Lorefice: “Dialogo è più forte delle intimidazioni”. Confronto tra Chiesa, giovani e istituzioni
“Il dialogo è sempre più forte delle intimidazioni e delle minacce di chi si esprime nell’ombra, senza metterci la faccia”. Con queste parole l’arcivescovo di Palermo Corrado Lorefice è intervenuto durante la prima giornata della seconda edizione di “Storie, umanità e dialoghi (Sud)”, iniziativa promossa dall’Università di Palermo.
L’incontro si è svolto al cinema De Seta e ha visto la partecipazione, tra gli altri, del presidente della Cei Matteo Zuppi, del sindaco di Palermo Roberto Lagalla e del rettore dell’Università di Palermo Massimo Midiri.

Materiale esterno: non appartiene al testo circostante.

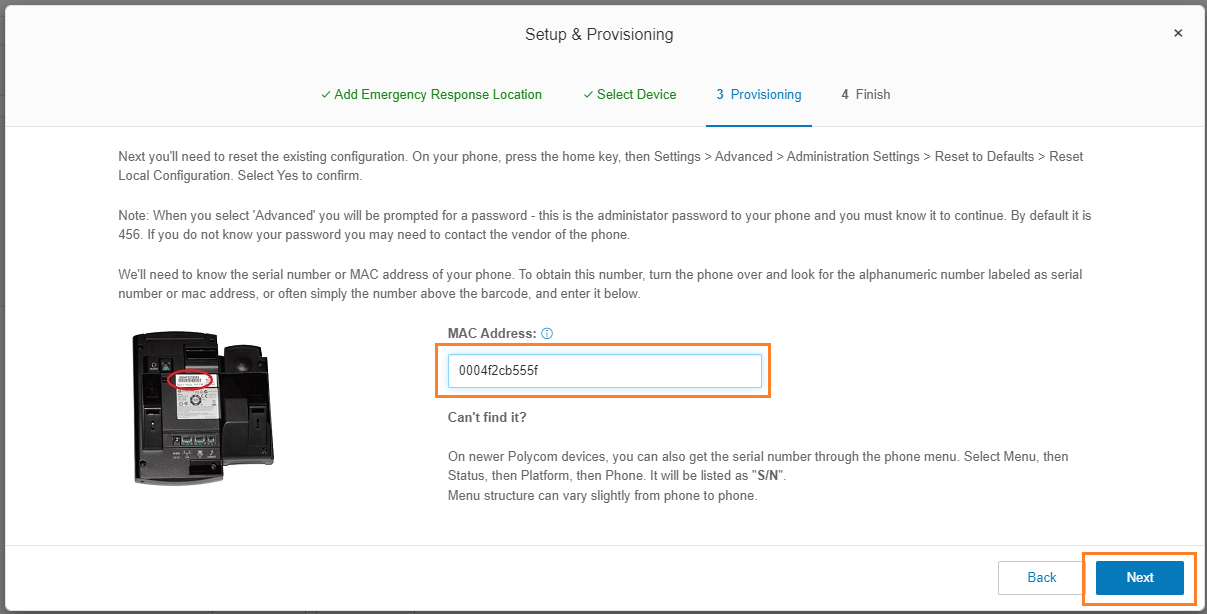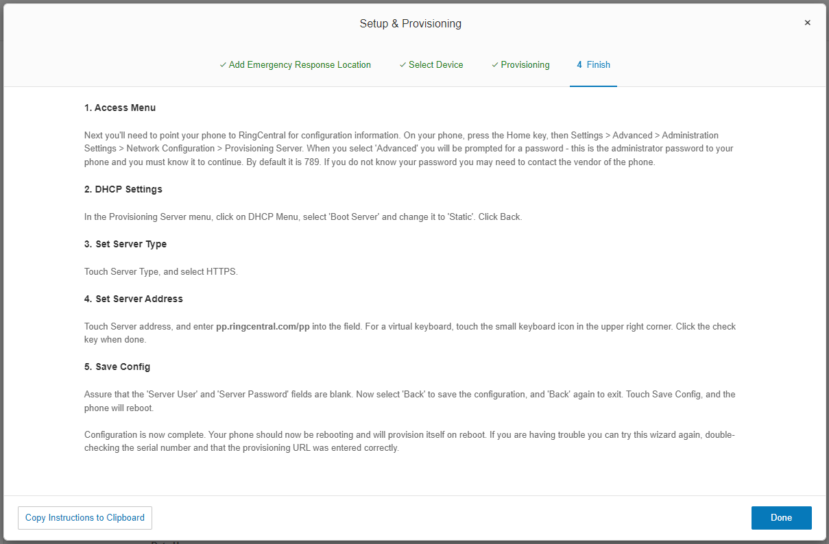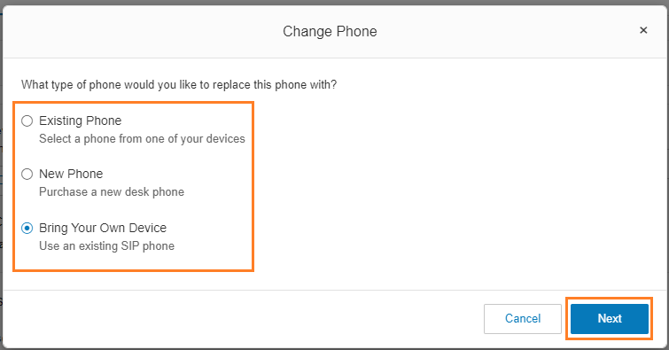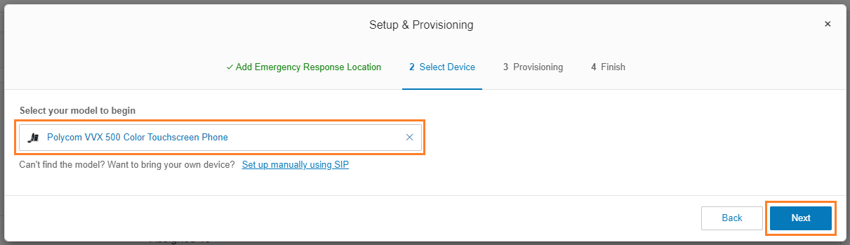 - If the device has already been loaded into RingCentral, choose Existing Phone.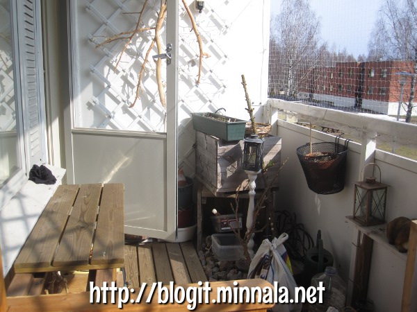Parvekkeesta tuli nyt paljon avarampi. Koska en laittanut penkkiä päätyseinälle, vaan jätin sen ikkunaseinustaa vasten, jäi sen viereen tyhjä tila. Siirsin kukkapöydän kaiteen vierestä siihen. Nyt penkin ympärillä on helpompi liikkua. Mietin tätä pitkään. Joskus voisi olla mukavaa istua parvekkeella sateellakin, niin tuli viime kesän aikana todettua, ettei tuohon nykyiseen paikkaan sada vettä laisinkaan. Ja kun kaiteelle eteen laitetaan vielä köynnökset kasvamaan, sitä vähemmän vettä tulee parvekkeen puolelle. Saatan kyllä vielä siirtää penkin ihan tuonne takalaitaan nurkkaukseen asti, jotta saan löhötä penkillä tyynyjen kera!

“Servono solidarietà e sinergie”
Nel suo intervento, monsignor Lorefice ha sottolineato l’importanza del confronto aperto e della collaborazione per affrontare le difficoltà sociali del territorio.
“Ogni via deve essere percorsa – ha affermato – perché sulla franchezza della parola e sul dialogo si possono realmente costruire percorsi in grado di aiutare questa città e questa nostra regione”.
L’arcivescovo ha poi ribadito come Palermo abbia bisogno di “solidarietà”, di “mettere insieme le energie” e di creare “sinergie”, rifiutando ogni forma di sopraffazione.